On Wed, Mar 9, 2011 at 6:24 AM, iamniche <nichola...@yahoo.co.uk> wrote:
> Hello Jens,
>
> I am currently researching possible solutions for inferencing on very
> large data sets and came across Mandarax whilst surveying the current
> situation with regards to inference engines, etc.
>
> I note that Mandarax has a completely unique approach to this problem
> and so have a few questions to aid my research (I will definitely
> download it and evaluate)
>
> Firstly, I am looking to integrate a distributed factbase and have
> been looking at various graph databases e.g. Neo4J. Would it be fairly
> involved to integrate Mandarax
> with a graph database? Would I be better integrating Madarax with a
> relational database first?
I haven't used Neo4J but I don't think integration would be difficult.
You will probably extract the facts from edges and edge and vertex
properties. The key to scalability would be to have lazy, iterator
based access to these graph elements (and I assume that Neo4J has an
API for this, it might be called traverser or graph walker). Then you
can integrate the DB into the rules using includes (see manual for an
example).
>
> Secondly, I have a ruleset that is currently deployed in Drools.

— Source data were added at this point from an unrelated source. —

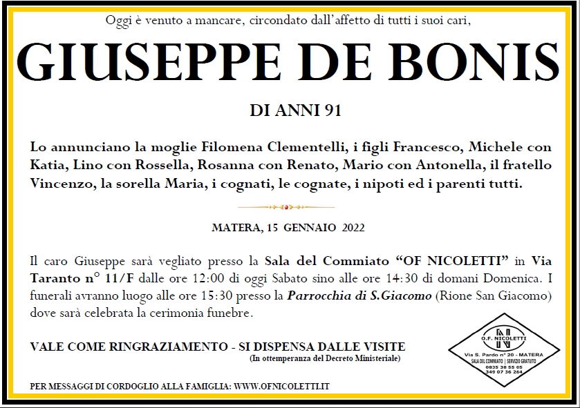 Un commento su “GIUSEPPE DE BONIS
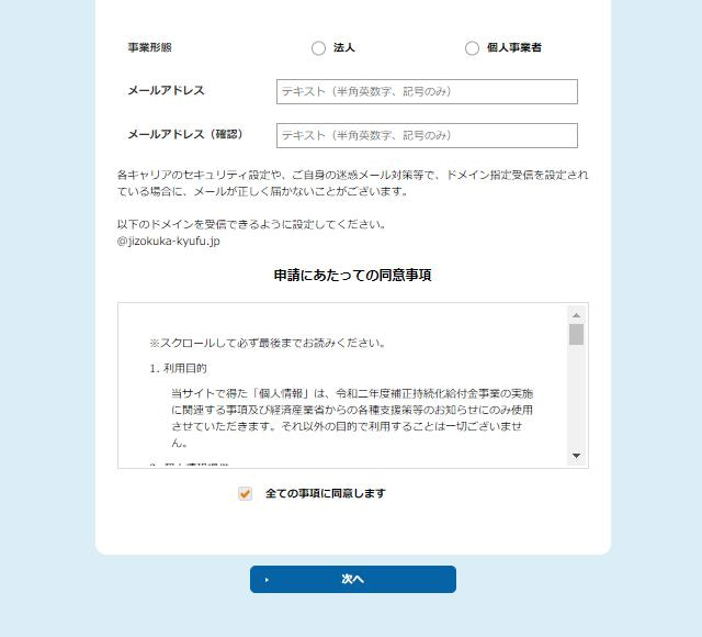 以上が準備できましたら申請に進みます。
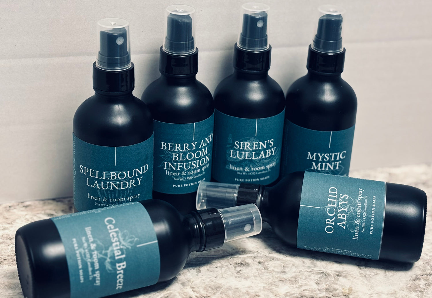 Transform any space with a single mist of our handcrafted potion sprays. Blended with wildcrafted witch hazel and infused with captivating fragrances or essential oils, each 4oz mist is designed to refresh and enchant. A spellbinding touch for your home, linens, or sacred spaces.

Will
> it be fairly trivial to translate those rules into Mandarax rules for
> compilation? I will have to investigate this further.
>
This depends .. In drools you can modify objects in rule heads.

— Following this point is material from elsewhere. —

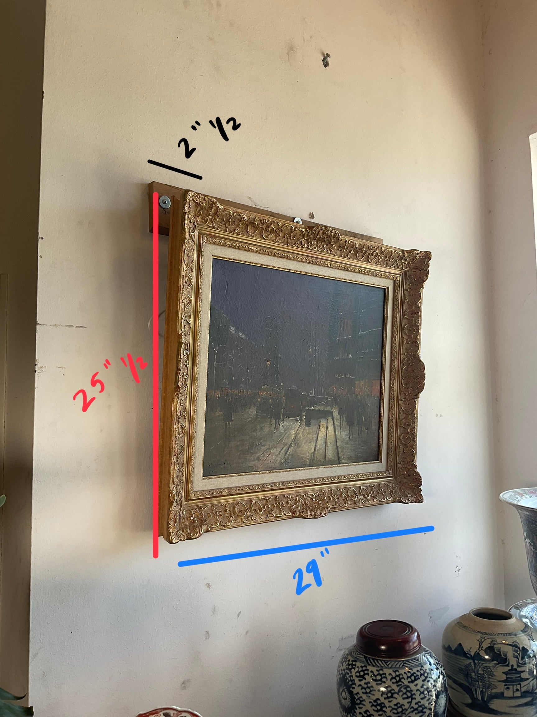 This "Paris Le Soir" oil canvas painting by Paul-Marcel Candies Balmiere captures the beauty of the city at night. Created in 1938, this piece features intricate carvings on its wooden frame and is signed by the artist. With a pre-installed wall hook, it's ready to be displayed and admired.

Mandarax on the other hand just queries referenced objects, it does
not mutate them. It is therefore "side-effect free". The idea is that
the manipulation of objects (if necessary) is done outside the rule
engine.
Another important difference is that Mandarax computes the derivation
(proof tree) and makes it available (via an API). As far as I know,
forward reasoning systems don't do this.
> Thirdly, please could you explain the relative performance hit of
> performing backward chaining rules instead of the assertion-based
> forward chaining as per Drools?
Forward changing engines creates massive caches. The so-called agenda
or working memory matches rules against facts. This is very fast as
long as all facts fit into memory. Mandarax on the other hand follows
a more DB approach: it computes against the original data (for
instance, from data bases) but does lazy initialization. It is
therefore good in google like applications: computing the first 10
results is sufficient.
For an example, check this discussion:
http://drools-java-rules-engine.46999.n3.nabble.com/Loading-facts-and-memory-size-limits-td1440236.html
Note that caching can be easily added to Mandarax again using the
includes features: if your include references a set of recently
computed records for the respective relationship. I am planning to add
some classes to make this more convenient to Mandarax, but haven't had
the time to do this.
>
> I look forward to discussing these topics with you.
>
> Many thanks.
>
> Regards,
> Nic Hemley
Hope this helps, Jens